- Interactive map of El Tepeyac Café

Restaurant information
- Established: 1942
- Location: California, United States
- Coordinates: 34°2′52″N 118°11′51.5″W﻿ / ﻿34.04778°N 118.197639°W

= El Tepeyac Café =

Mexican restaurant in Los Angeles, CA, US

El Tepeyac Café, or simply El Tepeyac, is a longstanding Mexican restaurant in the Boyle Heights neighborhood of East Los Angeles.

== History ==
El Tepeyac Café is a Mexican food restaurant that was founded in 1942 by the Rojas family. It was originally named El Tupinamba Café and was located near downtown Los Angeles. The family later relocated to the Lincoln Heights area, just north of Boyle Heights, and opened a restaurant, La Villa Café. In 1952, the Rojas family relocated the restaurant to Boyle Heights, the current location of El Tepeyac Café.

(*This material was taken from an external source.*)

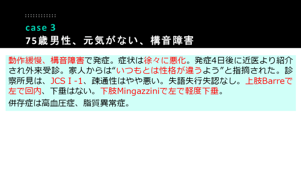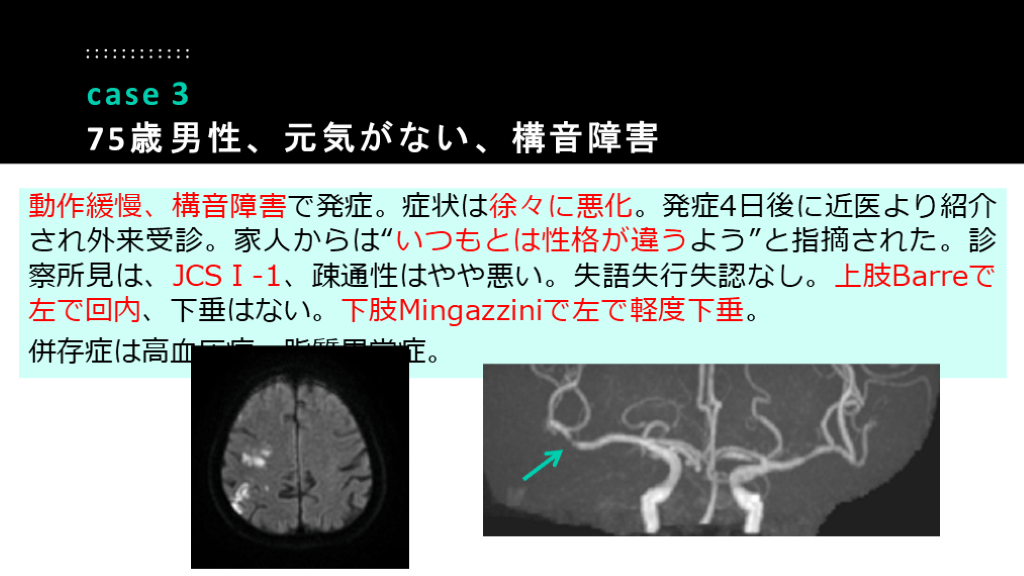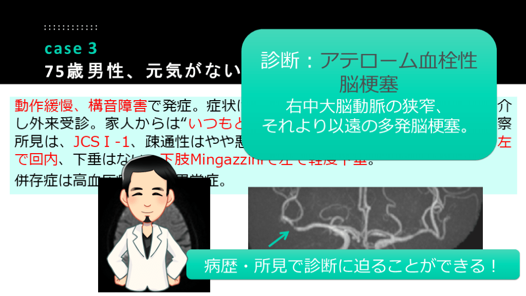 75歳男性、元気がない、構音障害 診断:アテローム血栓性

After the death of his grandfather, Salvador Rojas, Manuel Rojas took over El Tepeyac Café.

The restaurant sells a five-pound burrito, "Manuel’s Special Burrito", as part of Manuel’s Burrito Challenge.

The restaurant's "Hollenbeck Burrito" is said that this burrito was created specifically for LAPD officers, from the local Hollenbeck Division, who often frequented El Tepeyac.

In 2009, there was concern over whether or not the restaurant would stay open due to land leasing issues.

The Rojas family opened a second location near the City of Industry in 2011.

El Tepeyac’s owner, Manuel Rojas, died of esophageal cancer on February 12, 2013 at age 79.

In September 2020, Manuel's grandson Carlos Thome opened a second El Tepeyac Cafe location in Pasadena.

== On television ==
On February 18, 2009, El Tepeyac Cafe was featured in the Travel Channel’s show Man vs. Food.

On July 24, 2014, El Tepeyac Cafe was featured on Esquire TV’s show, Best Bars in America.

On January 15, 2017, El Tepeyac Cafe was featured on the Travel Channel’s show, Food Paradise. The episode in which it was featured is called “Best Mex.”